• [Exercise requirements]: From the line containing "I designed a" down to the line containing "以下示例为星型模型:其中sa", copy out the entries below exactly, both lines included, and nothing else; pictures do not belong in the copy.

• [Record extracts]:
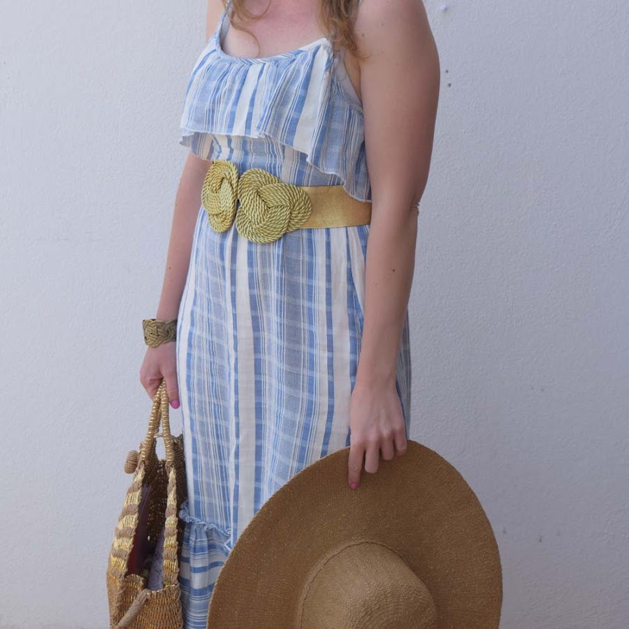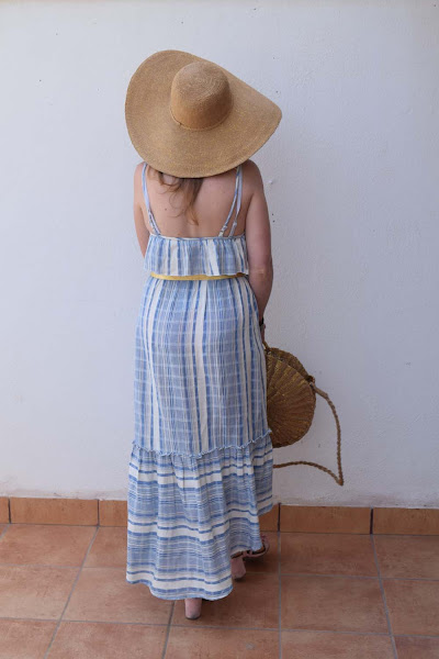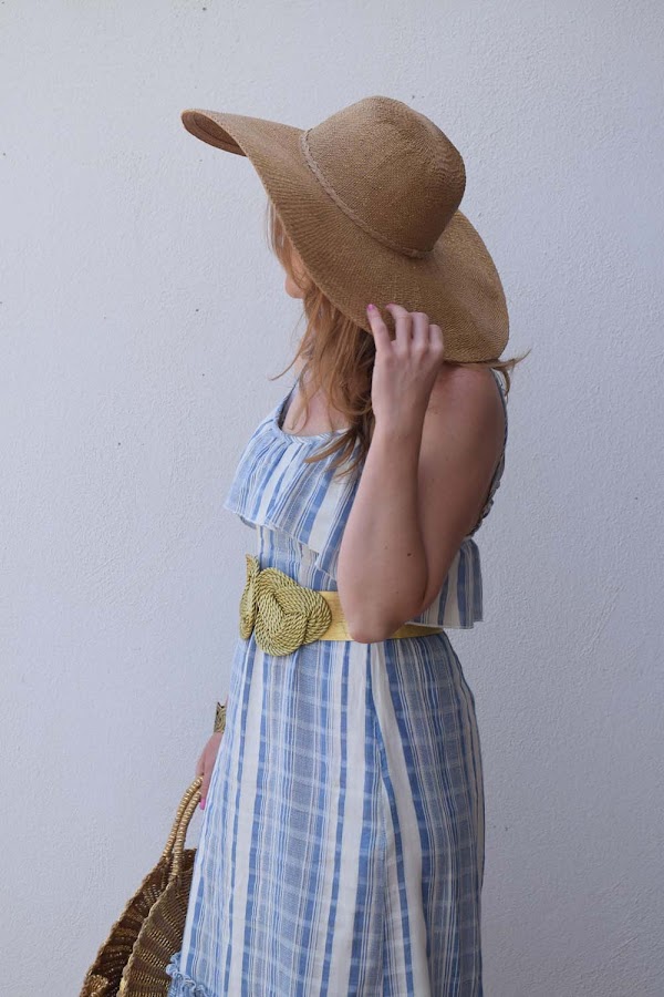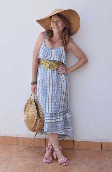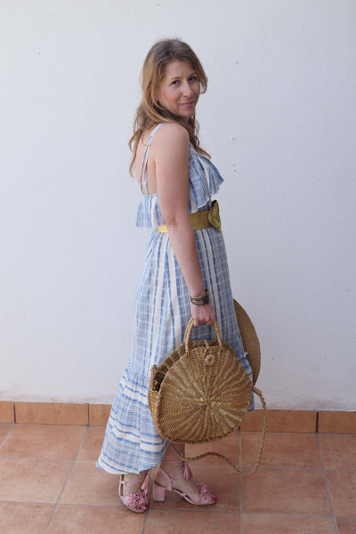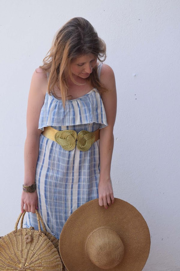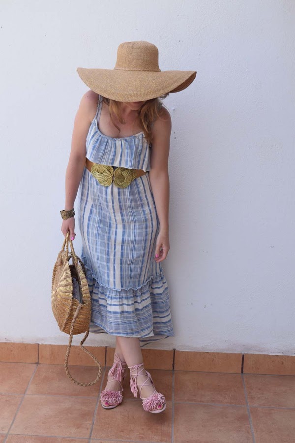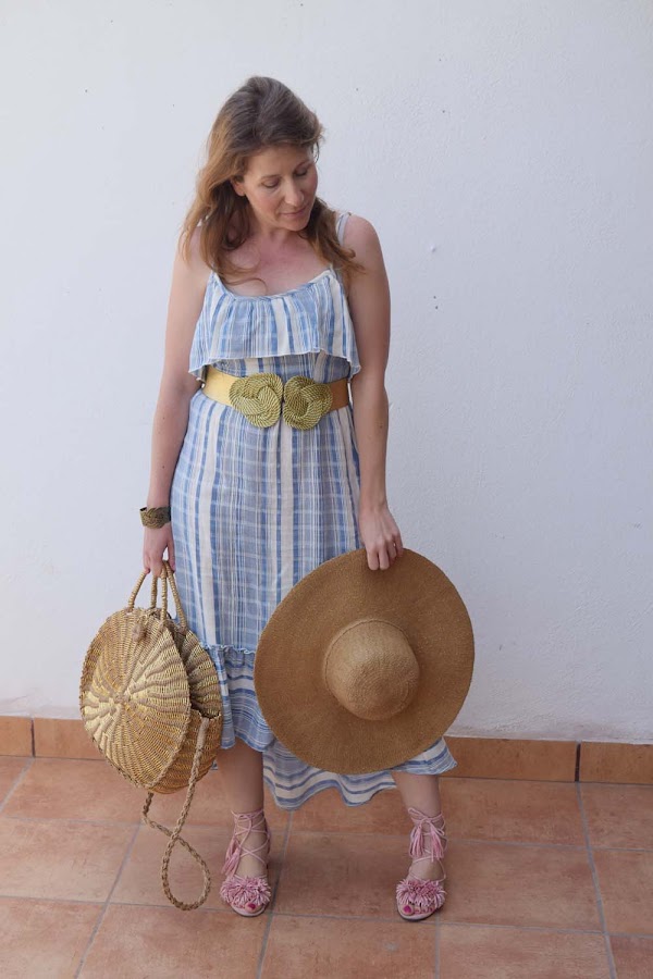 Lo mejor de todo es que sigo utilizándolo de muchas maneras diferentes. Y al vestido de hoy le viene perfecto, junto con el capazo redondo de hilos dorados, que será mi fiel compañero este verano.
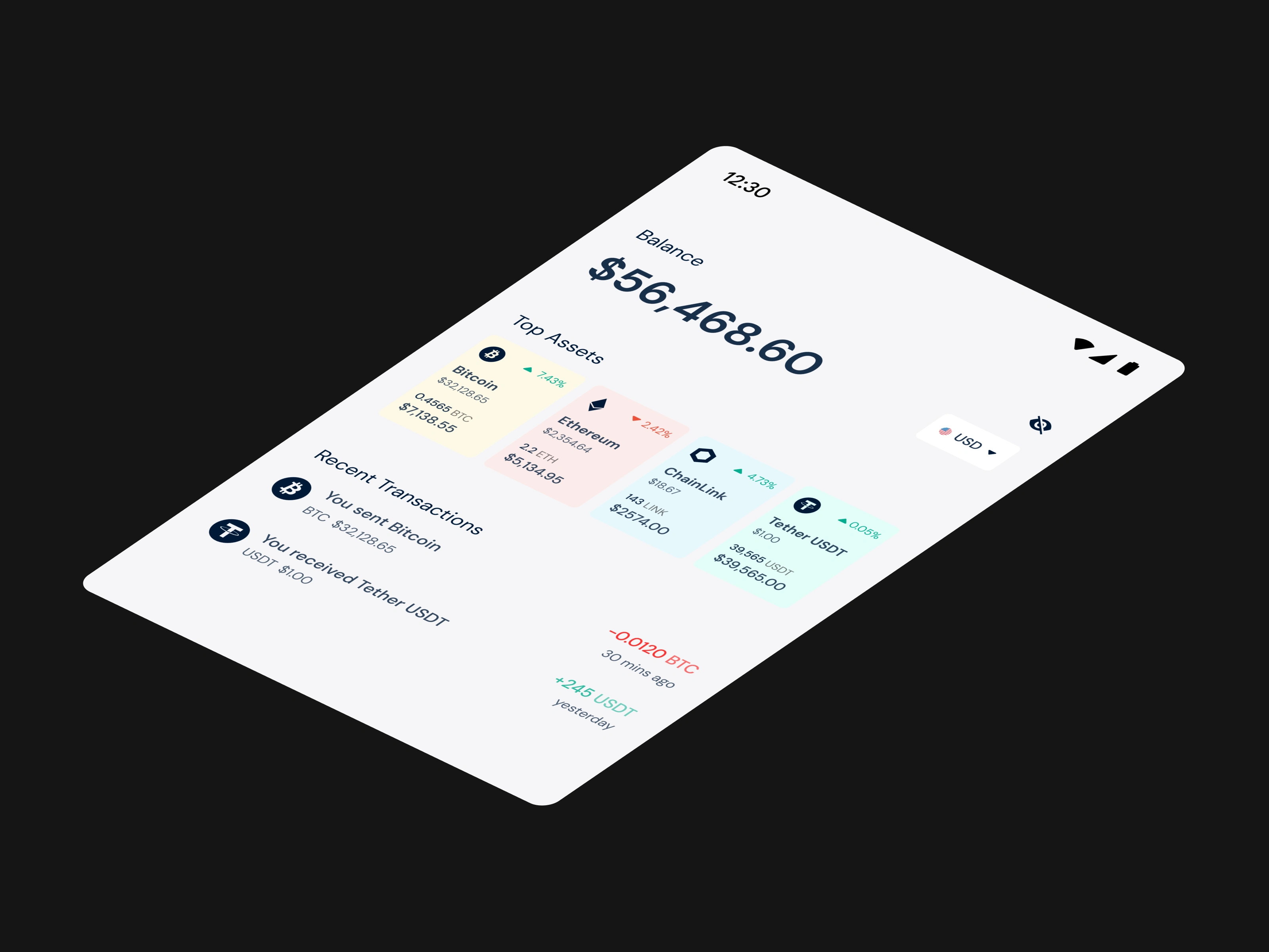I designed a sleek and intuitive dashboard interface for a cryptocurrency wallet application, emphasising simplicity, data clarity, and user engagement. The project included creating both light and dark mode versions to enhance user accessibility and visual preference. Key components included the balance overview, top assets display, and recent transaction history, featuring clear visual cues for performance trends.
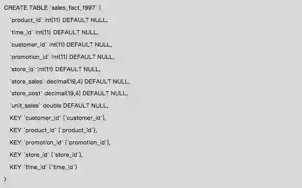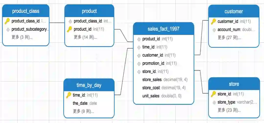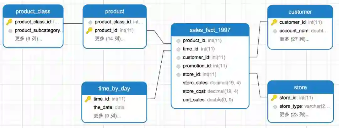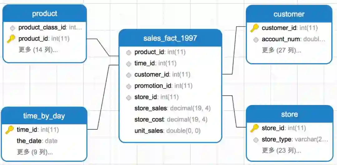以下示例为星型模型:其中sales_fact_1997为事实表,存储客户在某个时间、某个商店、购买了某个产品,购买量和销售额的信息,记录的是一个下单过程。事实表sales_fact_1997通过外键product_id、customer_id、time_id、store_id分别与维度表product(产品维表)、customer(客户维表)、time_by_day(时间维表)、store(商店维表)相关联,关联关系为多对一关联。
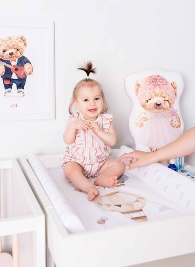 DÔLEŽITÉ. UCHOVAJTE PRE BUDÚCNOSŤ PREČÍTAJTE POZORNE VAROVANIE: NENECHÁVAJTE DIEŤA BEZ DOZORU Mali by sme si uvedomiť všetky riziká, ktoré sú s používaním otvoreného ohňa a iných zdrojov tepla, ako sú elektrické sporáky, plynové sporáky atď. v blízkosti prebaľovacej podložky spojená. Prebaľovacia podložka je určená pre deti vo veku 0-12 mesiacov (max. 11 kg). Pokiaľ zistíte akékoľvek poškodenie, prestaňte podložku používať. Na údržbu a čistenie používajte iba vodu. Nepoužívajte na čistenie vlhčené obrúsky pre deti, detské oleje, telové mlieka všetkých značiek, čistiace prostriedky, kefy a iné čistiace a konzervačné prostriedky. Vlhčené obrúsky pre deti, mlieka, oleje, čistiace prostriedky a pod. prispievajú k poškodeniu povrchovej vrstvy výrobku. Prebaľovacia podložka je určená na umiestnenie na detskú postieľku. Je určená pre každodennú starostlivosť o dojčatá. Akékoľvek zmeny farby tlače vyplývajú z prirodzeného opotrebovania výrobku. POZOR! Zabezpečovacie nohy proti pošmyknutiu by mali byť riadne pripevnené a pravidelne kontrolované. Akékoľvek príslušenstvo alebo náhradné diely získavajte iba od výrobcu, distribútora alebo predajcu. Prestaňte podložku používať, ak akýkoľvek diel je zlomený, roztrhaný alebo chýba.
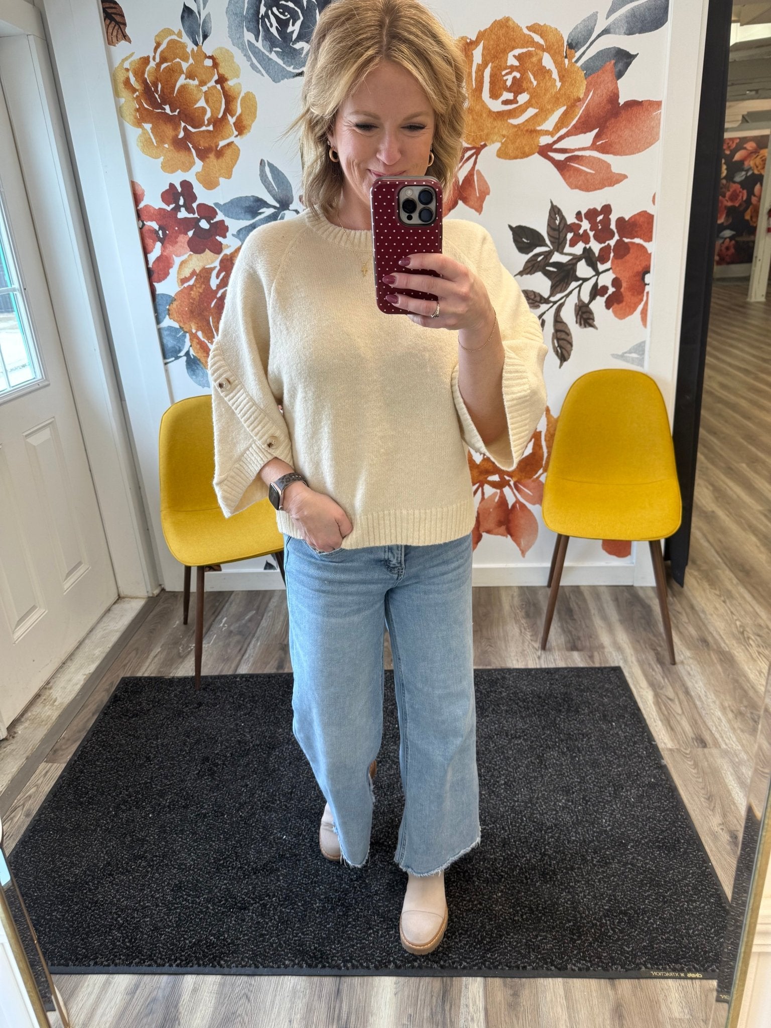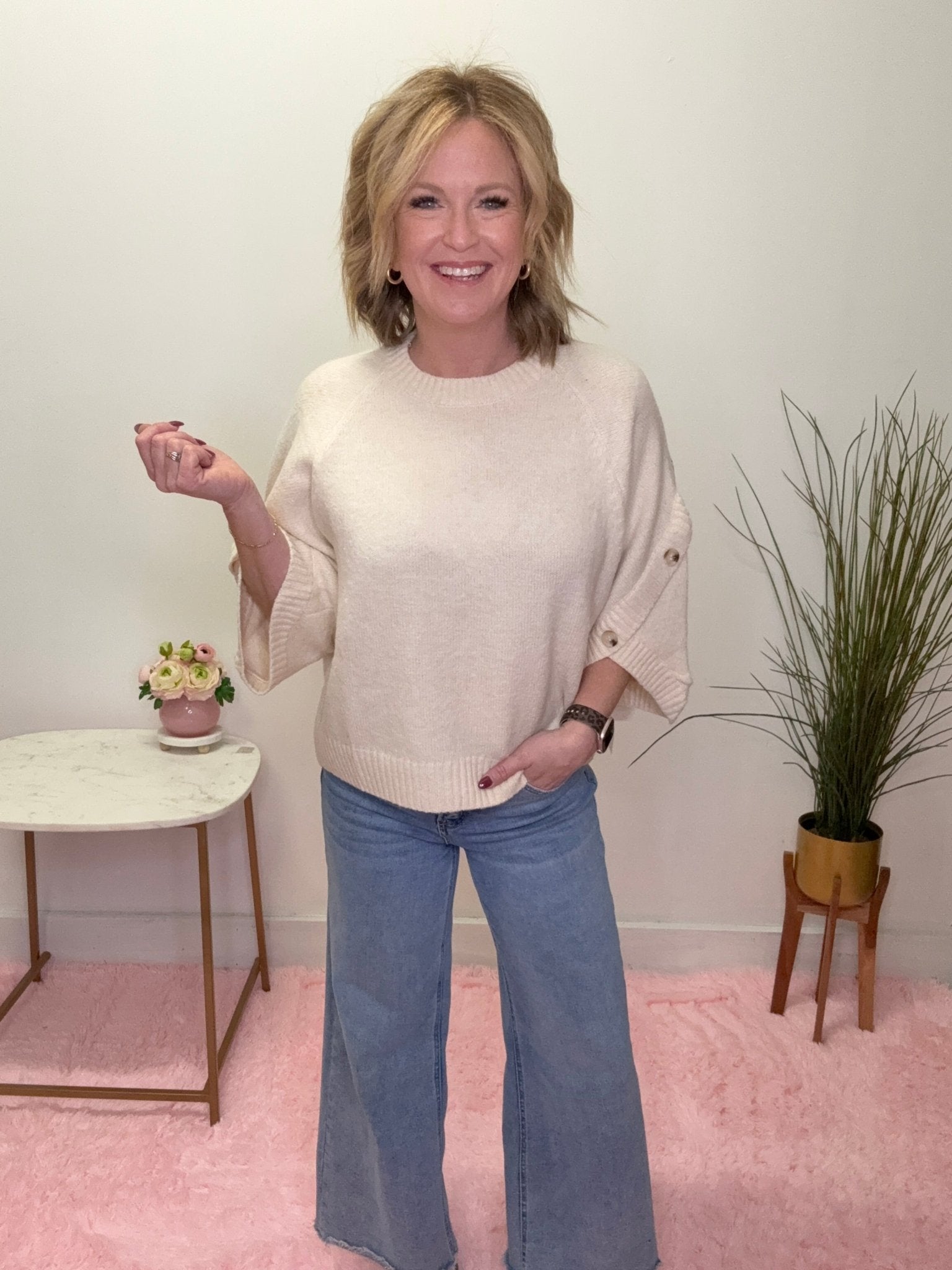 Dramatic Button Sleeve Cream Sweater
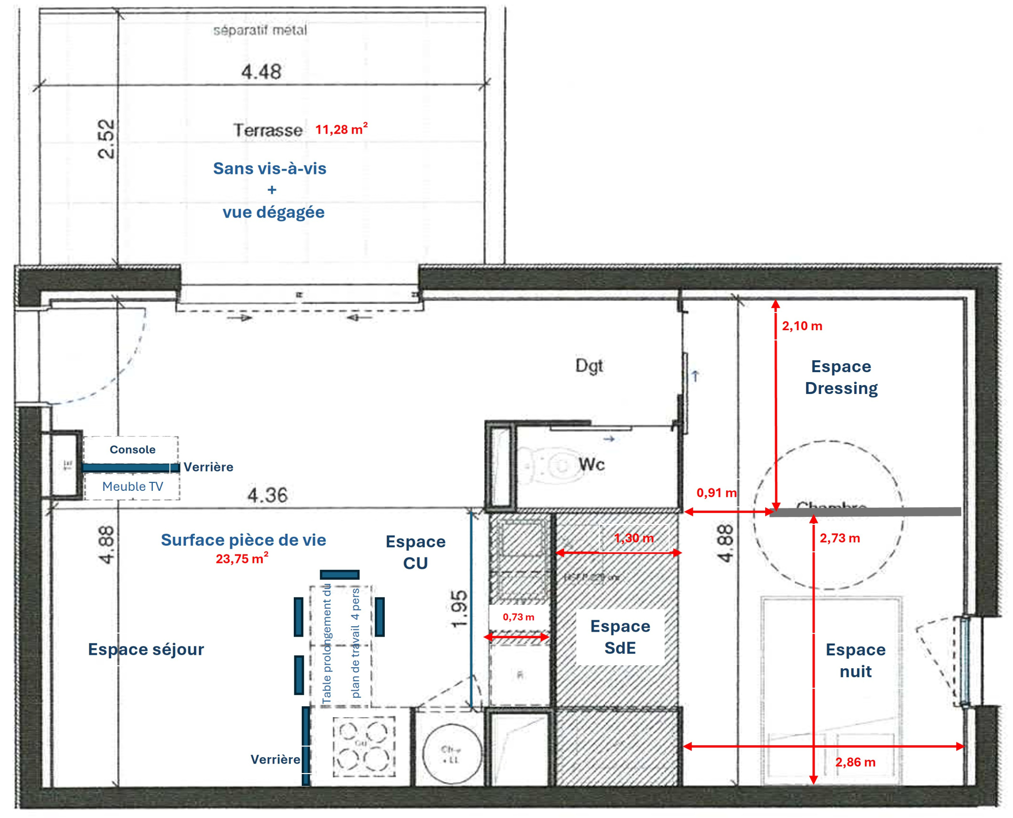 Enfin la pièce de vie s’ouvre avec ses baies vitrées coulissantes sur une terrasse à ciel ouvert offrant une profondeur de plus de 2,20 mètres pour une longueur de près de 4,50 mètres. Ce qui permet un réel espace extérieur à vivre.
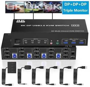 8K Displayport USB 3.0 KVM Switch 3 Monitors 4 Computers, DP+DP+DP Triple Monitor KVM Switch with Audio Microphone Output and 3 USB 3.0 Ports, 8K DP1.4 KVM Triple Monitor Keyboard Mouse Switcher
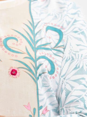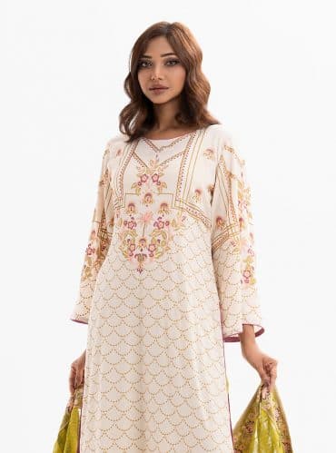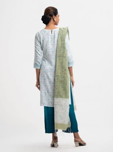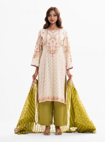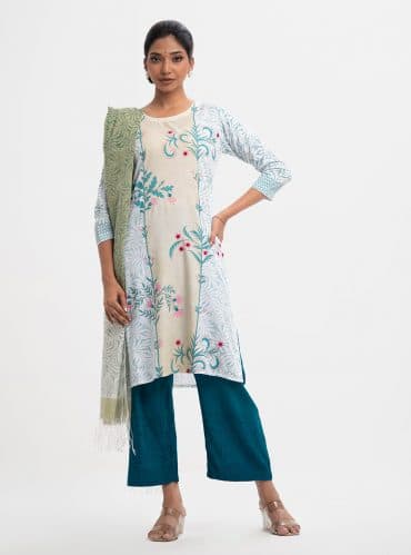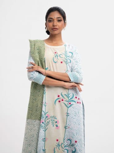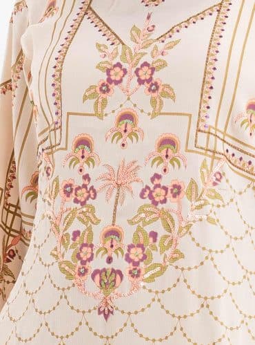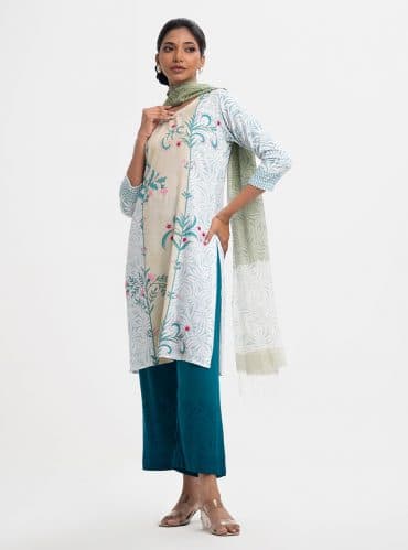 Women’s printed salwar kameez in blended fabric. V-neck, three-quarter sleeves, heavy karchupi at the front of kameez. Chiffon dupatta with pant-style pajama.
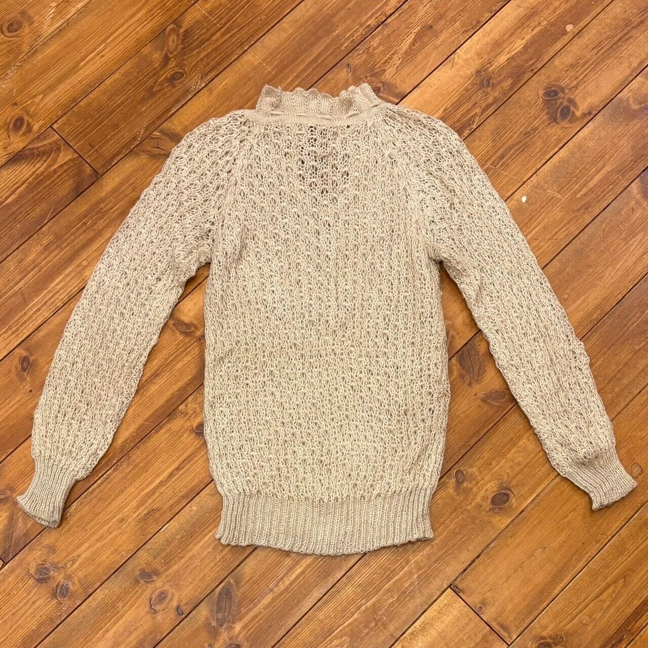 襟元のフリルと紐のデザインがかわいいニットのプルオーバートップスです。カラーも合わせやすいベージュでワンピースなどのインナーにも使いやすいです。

• [Expected answer]:
I designed a sleek and intuitive dashboard interface for a cryptocurrency wallet application, emphasising simplicity, data clarity, and user engagement. The project included creating both light and dark mode versions to enhance user accessibility and visual preference. Key components included the balance overview, top assets display, and recent transaction history, featuring clear visual cues for performance trends.
以下示例为星型模型:其中sales_fact_1997为事实表,存储客户在某个时间、某个商店、购买了某个产品,购买量和销售额的信息,记录的是一个下单过程。事实表sales_fact_1997通过外键product_id、customer_id、time_id、store_id分别与维度表product(产品维表)、customer(客户维表)、time_by_day(时间维表)、store(商店维表)相关联,关联关系为多对一关联。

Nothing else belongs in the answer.